The face of God is His Presence and His favor. Favor is charis, or grace, and is not just having our sins forgiven, but accessing God like Jesus did. Not everyone has the same amount of favor, but regardless of how much favor you have now, you can increase in favor. The amount of God’s face that we see, His Presence we experience, His favor that we enjoy is directly related to how yielded we are to the Holy Spirit. The question is, will we settle for just partial transformation?

Num 6:22-27 gives the blessing for Israel: “The Lord bless you and keep you; the Lord make His face to shine upon you, and be gracious to you; the Lord let His countenance upon you, and give you peace.” The favor of the Lord’s face is what Israel was to demonstrate. Favor needs two things: faith to land on and a specific purpose. Faith is pretty well understood, but to illustrate the latter, Joseph had favor bring Israel to Egypt and Moses had favor to bring Israel out of Egypt. The problem with favor is that favor looks like it is missing when we are in the darkness, but it is favor that enables them to rise out of the darkness to accomplish the purpose. Thus, favor may not be obvious, but it is still important for us to recognize favor in ourselves and others. Johnson will bring people to speak at his church who have anointing, but who are rough in character, or who may disagree with some non-essential elements of Bethel’s theology, just so that people will learn to recognize anointing.

When we experience the outpouring of the Spirit we are experiencing the face of God. The Old Testament prophets really only had one solution for the problems of Israel: more of the Holy Spirit. Moses had the opportunity to be successful without God, but refused anything less than God’s Presence; by contrast, Israel could have met God any time at the sanctuary, but did not. God showed Moses his form (Num 12:8) because He could trust Moses’ heart, but he showed no form to the Israelites because they would make an idol. We can position ourselves for encounter with the Spirit by recognizing when God is encountering others even if we do not sense it yet, and by realizing that when we perceive something, God is inviting us to an encounter. Finally, we need to get rid of the idea that God only encounters “others who have a special gifting,” as this is faith-destroying.

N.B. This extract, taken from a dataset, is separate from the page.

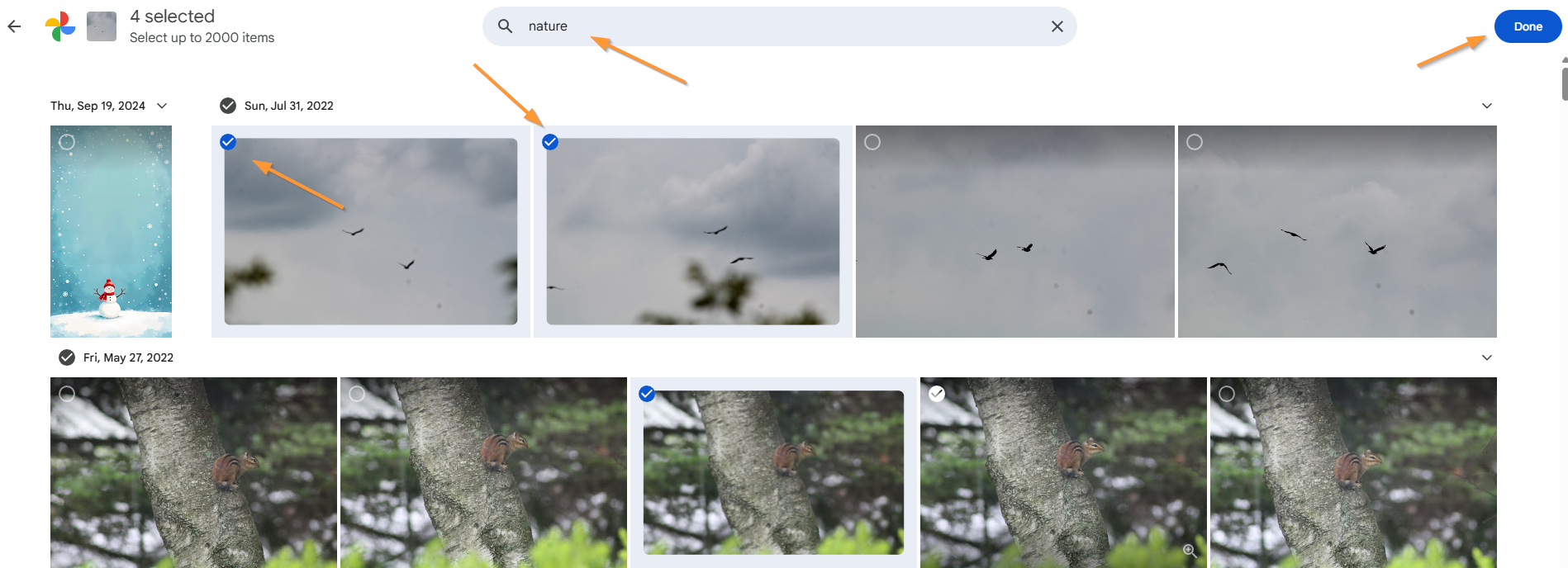 From the Photo Picker page, you can search for the photos you wish to add by their File or Album name or place a Check in the Circle found in the upper left corner of each photo you want to download. See below:

Ps 37:9 says that “those who wait for the Lord will inherit the land.” Wait here is more like “to lie in wait,” like hunting or ambushing. So if God isn’t showing up where you are, go somewhere else, do something different. Visit a different church, read a different translation. If you aren’t finding deer downtown, try visiting the woods. Another way Johnson lies in wait for God is to take a few minutes throughout the day to simply be an object of God’s love. Finally, be self-controlled, a fruit of the Spirit: say yes to what God values and no to what He doesn’t.

The experience of God’s face transforms you. Heidi Baker and her husband had started four unremarkable churches in Mozambique in 14 years; she encountered God and was unable to move for seven days and in the ten years after that they have seen thousands of churches, countless miracles, dozens of resurrections, and whole villages coming to God. T. L. Osborne had a frustrating and unfruitful ministry as a missionary to India, but after he encountered Jesus in his room, he went back and saw countless miracles and thousands saved nightly in his crusades. The apostle Paul was killing Christians but after he encountered Jesus, he went on to have the greatest effect on the world after Jesus, as even non-Christian historians attest.

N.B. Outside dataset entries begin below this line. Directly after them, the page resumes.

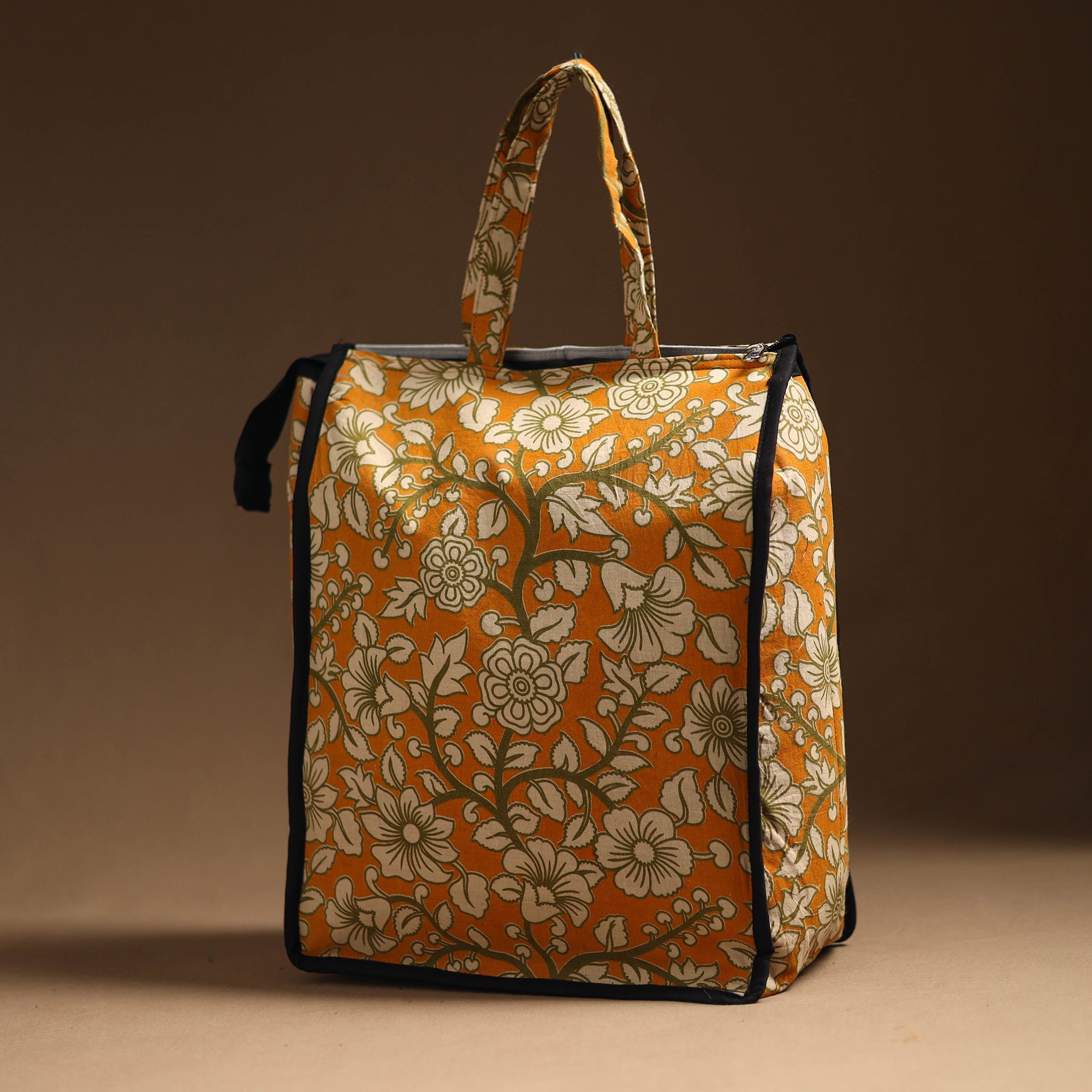 Step up your style with our orange handcrafted cotton shopping bag, designed for style and sustainability. Made from high-quality cotton, this bag is perfect for your daily shopping needs. Spacious and durable, it features a handy outer zipper pocket.
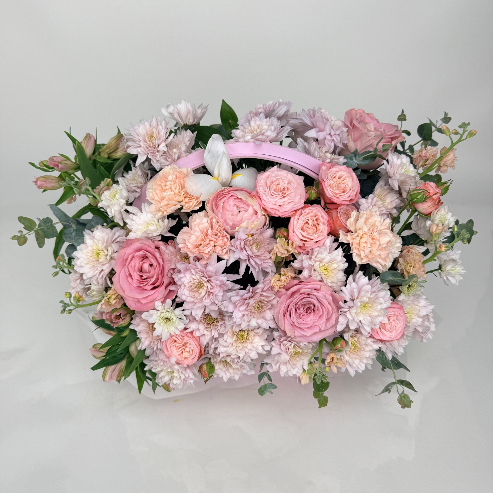 Состав: роза 3, гвоздика 3, хризантема кустовая 3, маттиола 2, альстромерия 2, роза кустовая 1, ранункулюс 1, эвкалипт 1, ирис 1, рускус 0,4 и прочее. в наличии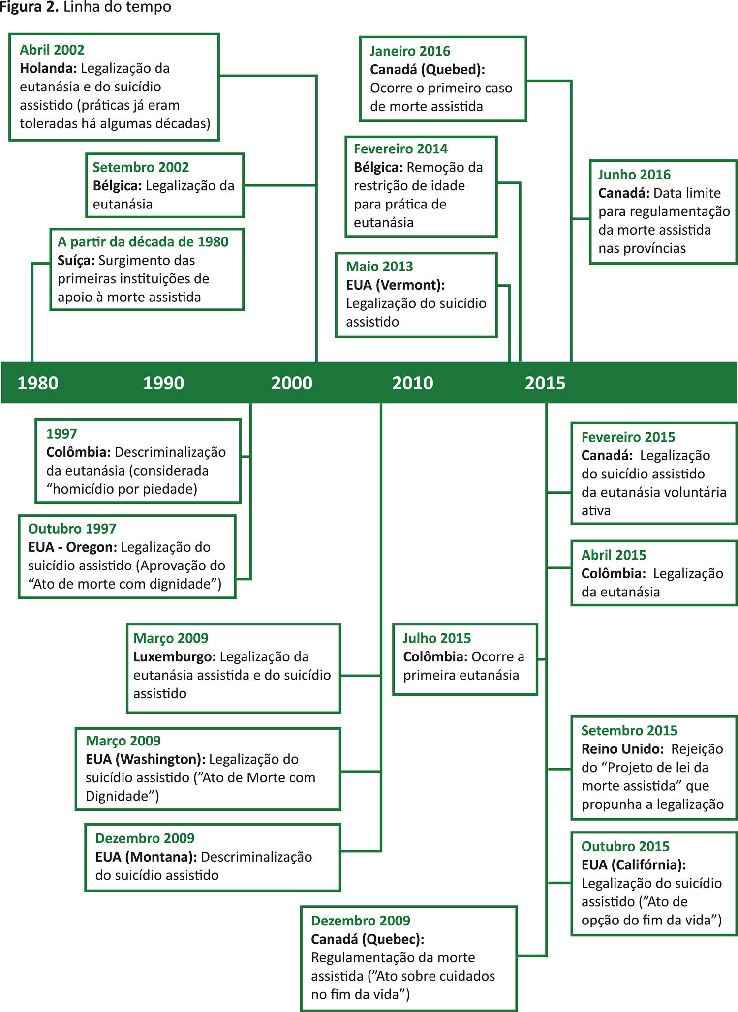 A morte assistida é permitida em quatro países da Europa Ocidental: Holanda, Bélgica, Luxemburgo e Suíça; em dois países norte-americanos: Canadá e Estados Unidos, nos estados do Oregon, Washington, Montana e Vermont; e, na América do Sul, na Colômbia 4. As leis e critérios adotados para a realização dessa prática diferem entre si em cada um desses países. Explicitar a forma como a morte assistida ocorre nesses locais e comparar sua legislação à de outros países semelhantes em aspectos socioeconômico-culturais, permite compreender melhor o assunto, e serve de base para futuros debates 2. A situação do Brasil e do Reino Unido foi abordada ao final do trabalho com o objetivo de contrastar a posição dos demais países e enriquecer a discussão. Para facilitar a compreensão, a linha do tempo com os principais marcos da morte assistida no mundo é apresentada no Anexo 2.

The current outpouring of Spirit (the experience of God’s face) tends to manifest in joy. In Luke 10:21, Jesus rejoiced after the disciples returned from their mission trip, and the word used for “rejoice” connotes leaping and jumping for joy, so we should not be surprised if the manifestations of this joy that the Spirit is pouring out look rather excessive. Joy is a result of seeing the face of the Father. All of us, but most visibly in children, want to be enjoyed by someone, and joy is the result. “Rejoice in the Lord always, and again I say rejoice!” (Phil 4:4)

We are called to shine. When Moses saw God’s face, his face shone, and he put a veil over it. But when Jesus was transfigured, the glory caused his clothes to shine. In the Old Testament, the veil covered the glory of God in Moses’ face, and the leper’s uncleanliness polluted the clean. In the New Testament, God’s glory will radiate and affect our clothes, and God’s purity makes the leper clean. We shine by extending the favor God gives us, by giving away what He has given us, and by releasing the Kingdom. Unbelievers will come to Christ because we are shining. Hell is plan B; plan A is that it is “God’s kindness that leads to repentance.”

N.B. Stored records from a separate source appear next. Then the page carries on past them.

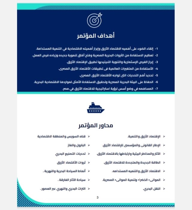 يناقش المؤتمر العديد من المحاور المهمة لتنمية الاقتصاد الأزرق وأفاق تفعيل المنطقة الاقتصادية أهمها محور الاقتصاد الأزرق والتنمية، وقناة السويس وتنمية المنطقة الصناعية، البترول والغاز، الإطار القانونى والمؤسسى للاقتصاد الأزرق، تحديات التصنيع البحرى، الآثار والمخاطر البيئية وارتباطها بالاقتصاد الأزرق، ثروات الاقتصاد الأزرق، الاقتصاد الازرق والتنمية المستدامة، أنماط السياحة البحرية والنهرية، الموانىء الخضراء وتنمية الموانىء المصرية، سياحة الآثار الغارقة، النقل البحرى، التراث البحرى والنهرى عبر العصور.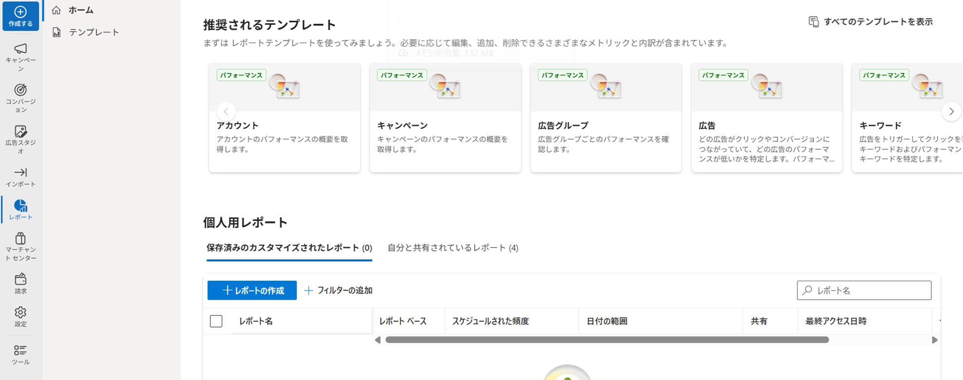 左側メニュー内の「レポート」では、広告の成果をレポートにまとめて出力・分析できます。よく使う機能をいくつかご紹介します。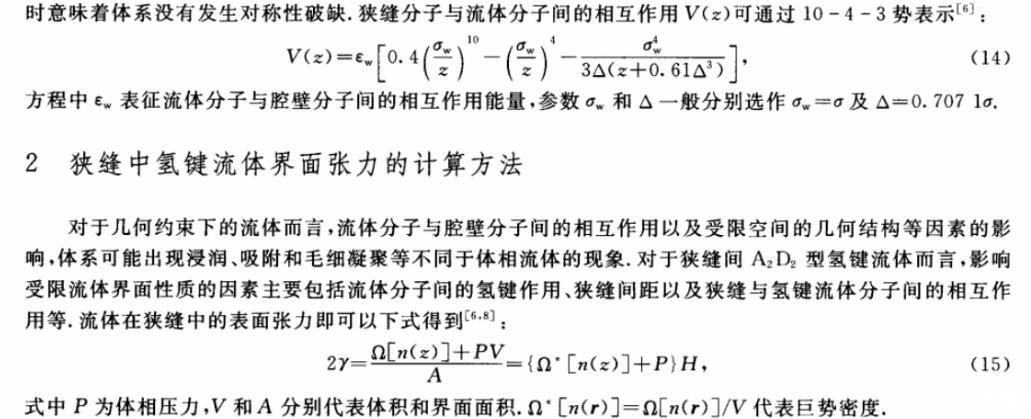 近年來,多孔材料獨特的結構和吸附特性使得其在很多領域有著廣泛的應用。自然界中大量多孔介質通常具有狹縫形狀的孔道結構,如石墨的片層結構以及巖石的解離結構等都可以通過狹縫模型予以處理。由于狹縫表面與流體分子之間的相互作用對受限流體的結構與熱力學性質有著顯著的影響,因而當狹縫的側壁兩側與流體分子之間的相互作用不同時,流體的界面張力等物理化學性質與體相有顯著差別。在分子間作用與狹縫外勢的共同作用下,受限流體會產生一系列不同于體相的相行為及界面特征。因此,狹縫間流體的吸附~脫附、溶劑化及其界面張力等性質的相關研究已經引起了學者們的廣泛研究興趣。

Face to Face with God is a book full of meditations on what it means to experience the blessing that God gives to Israel of seeing His face. Johnson shares some compelling stories about how experiencing the Holy Spirit (seeing God’s face) radically transforms us, and gives some practical tips on how to position ourselves for such an encounter. However, the organization is a little, ... loose, and if you like the above, I recommend looking at the notes for some additional meditations.

Review: 3 (writing), 10 (ideas)
The book seems to be composed of independent ideas on the topic of experiencing God that have been grouped into loosely related chunks (chapters). As a result, the book is fairly incoherent because the ideas are not really related to each other. This format seems to work well in the sermons that Johnson gives, but it does not work well as a book. It is pretty much impossible to make an outline of the book, and I had to drop a fair amount of good ideas in order to create a summary that was remotely coherent. I feel like the book would actually be a lot stronger as a series of short meditations on these topics, maybe something where you read one topic a day so it has a chance to sink it. This way there would be no expectation that the meditations relate strongly to each other, or that later ones illustrate or expand on previous ones; you would simply get a great idea by itself.